Iran enforcing 'intensified' hijab crackdown: Amnesty

AFP , Wednesday 26 Jul 2023

Iranian authorities have in the last months launched an intensified crackdown against women deemed to have violated the Islamic Republic's strict dress rules, Amnesty International said on Wednesday.

File Photo - Iranian women make their way in a sidewalk while wearing the chador, in downtown Tehran. AP


Iran was convulsed for months by unprecedented protests sparked by the September 2022 custody death of Mahsa Amini, 22, who had been arrested by the morality police for purportedly breaking the rules.

Some politicians inside Iran had argued in the wake of the protests that the rules should be loosened and there were even indications -- never confirmed -- that the morality police could be abolished.

But with the intensity of protests diminishing over the last months, Amnesty said Iranian authorities had launched a new crackdown on women's dress since April.

"The Iranian authorities are doubling down their oppressive methods of policing and punishing women and girls to quell widespread defiance of degrading and discriminatory compulsory veiling laws," Amnesty said.

It has been obligatory for women to cover their heads and necks since shortly after the Islamic revolution of 1979 that ousted the secular shah.

 Police patrols 

Viral images posted online during the protest movement showed women removing their headscarves as well as carrying out daily tasks such as shopping bareheaded.

Some images showing women without headscarves at cafe tables in relatively secular northern Tehran had suggested a more permissive attitude in some areas.

But Amnesty said there is in fact "an intensified nationwide crackdown", and noted that police this month announced the return of car and foot patrols enforcing compulsory veiling across the country.

According to Amnesty, more than a million women have received SMS warnings threatening that their vehicles will be confiscated if they are found travelling in a car while unveiled.

"Morality policing in Iran is back," said Agnes Callamard, Amnesty International secretary general.

She added the stepped-up enforcement was "intensified by mass surveillance technologies capable of identifying unveiled women in their cars and pedestrian spaces".

Hundreds of businesses such as hotels, restaurants, pharmacies and shopping centres have been forcibly closed for refusing to enforce compulsory veiling laws while women have been denied access to education, banking services and public transport, Amnesty said.

Earlier this month a "disturbing video" went viral on social media showing a female police officer "harassing and assaulting" an unveiled woman in Tehran, pushing her against a wall and attempting to violently arrest her and take her into a van, the watchdog said.
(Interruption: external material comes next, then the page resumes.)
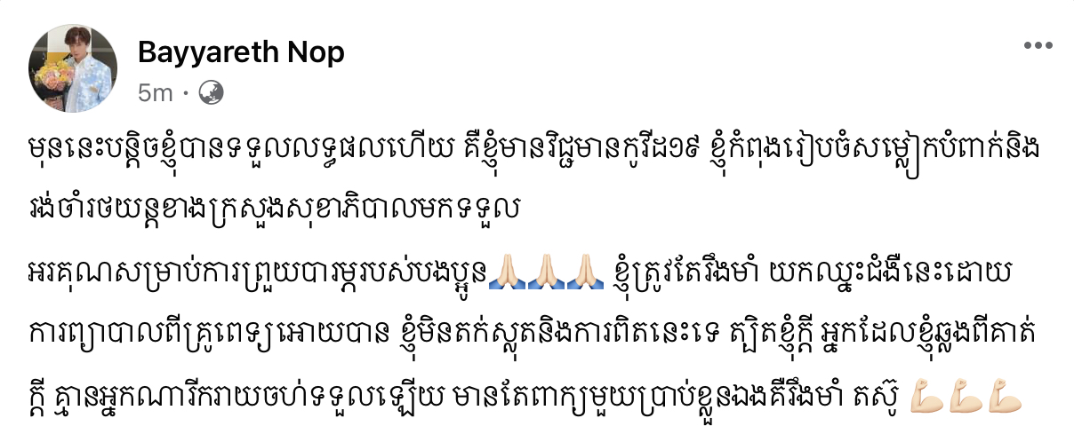 “មុននេះបន្តិចខ្ញុំបានទទួលលទ្ធផលហើយ គឺខ្ញុំមានវិជ្ជមានកូវីដ១៩ ខ្ញុំកំពុងរៀបចំសម្លៀកបំពាក់និងរង់ចាំរថយន្តខាងក្រសួងសុខាភិបាលមកទទួល

"The international community must not stand idly by as the Iranian authorities intensify their oppression of women and girls," Callamard added.

Iran's conservatives, who dominate the parliament and leadership, have passionately defended the dress code. But with many Iranians demanding change, in May the judiciary and the government proposed a bill which sparked heated debate.

It would increase fines for "any person removing their veil in public places or on the internet" but withdraws the threat of a prison sentence.